NASA Solicits Proposals for a World-class Precision Doppler Spectrometer at Kitt Peak National Observatory
National Optical Astronomical Observatory | 2016 Feb 09
Kitt Peak National Observatory is the future home of a state-of-the-art instrument that will be used to detect and characterize other worlds. The new instrument, an extreme precision radial velocity spectrometer, will measure the subtle motion of stars produced by their orbiting planets. The spectrometer, funded by NASA, will be deployed on an existing telescope at Kitt Peak, the 3.5-meter WIYN telescope. The National Optical Astronomy Observatory (NOAO), which is funded by NSF, is a partner in the telescope and operates Kitt Peak.
The spectrometer is the cornerstone of a newly established partnership between NSF and NASA focused on exoplanet research (NASA-NSF Exoplanet Observational Research; NN-EXPLORE), which aims to advance exoplanet science through the use of the NOAO share of the WIYN telescope. ...
NASA Selects Penn State to Lead Next-Generation Planet Finder Instrument
Penn State University | 2016 Mar 29
A Penn State-led research group has been selected by NASA's Astrophysics Division to build a $10-million, cutting-edge instrument to detect planets orbiting stars outside our solar system. The team, led by Suvrath Mahadevan, assistant professor of astronomy and astrophysics at Penn State University, was selected after an intense national competition. When completed in 2019, the instrument will be the centerpiece of a partnership between NASA and the National Science Foundation called the NASA-NSF Exoplanet Observational Research program (NN-EXPLORE).

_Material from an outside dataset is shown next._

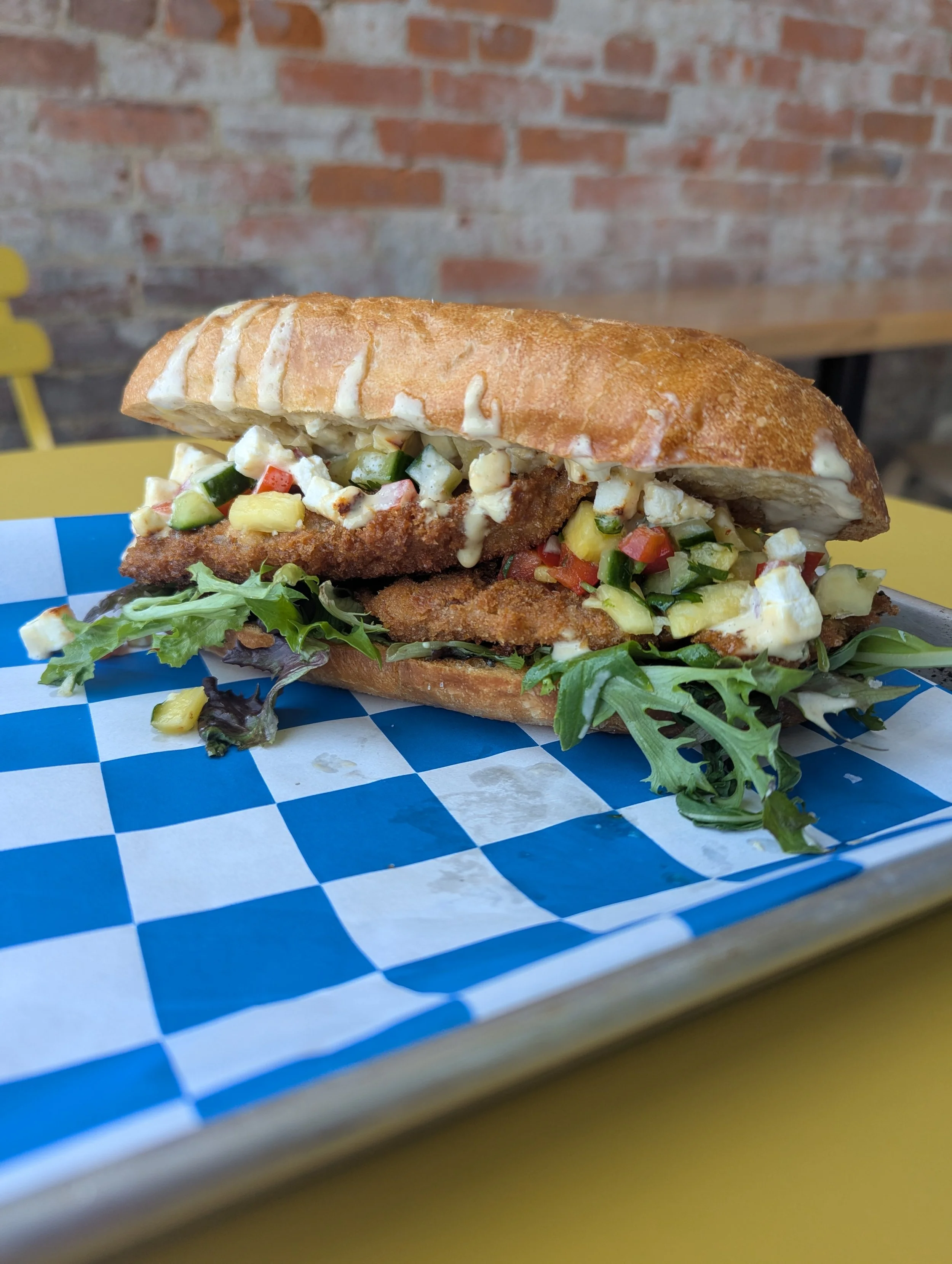 The fifth Friday in our Lenten special series! Breaded tilapia filets, pineapple/red pepper/cucumber/cilantro salsa, feta cheese, and greens on a toasted and buttered hoagie roll. Crunchy and savory with a sweet tropical salsa!

"We are privileged to have been selected to build this new instrument for the exoplanet community," Mahadevan said. "This is a testament to our multi-institutional and interdisciplinary team of talented graduate students, postdoctoral researchers, and senior scientists." The instrument is named NEID – derived from the word meaning “to discover/visualize” in the native language of the Tohono O’odham, on whose land Kitt Peak National Observatory is located. NEID also is short for “NN-EXPLORE Exoplanet Investigations with Doppler Spectroscopy.” NEID will detect planets by the tiny gravitational tug they exert on their stars. ...
NASA Selects Instrument Team to Build Next-Gen Planet Hunter
NASA | 2016 Mar 29
NASA has selected a team to build a new, cutting-edge instrument that will detect planets outside our solar system, known as exoplanets, by measuring the miniscule “wobbling” of stars. The instrument will be the centerpiece of a new partnership with the National Science Foundation (NSF) called the NASA-NSF Exoplanet Observational Research program, or NN-EXPLORE.
The instrument, named NEID (pronounced “nee-id”), which is short for NN-EXPLORE Exoplanet Investigations with Doppler Spectroscopy, will measure the tiny back-and-forth wobble of a star caused by the gravitational tug of a planet in orbit around it. The wobble tells scientists there is a planet orbiting the star, and the size of the wobble indicates how massive the planet is.
The highly precise instrument, to be built by a Pennsylvania State University research group led by Dr. Suvrath Mahadevan, will be completed in 2019 and installed on the 3.5-meter WIYN telescope at the Kitt Peak National Observatory in Arizona. ...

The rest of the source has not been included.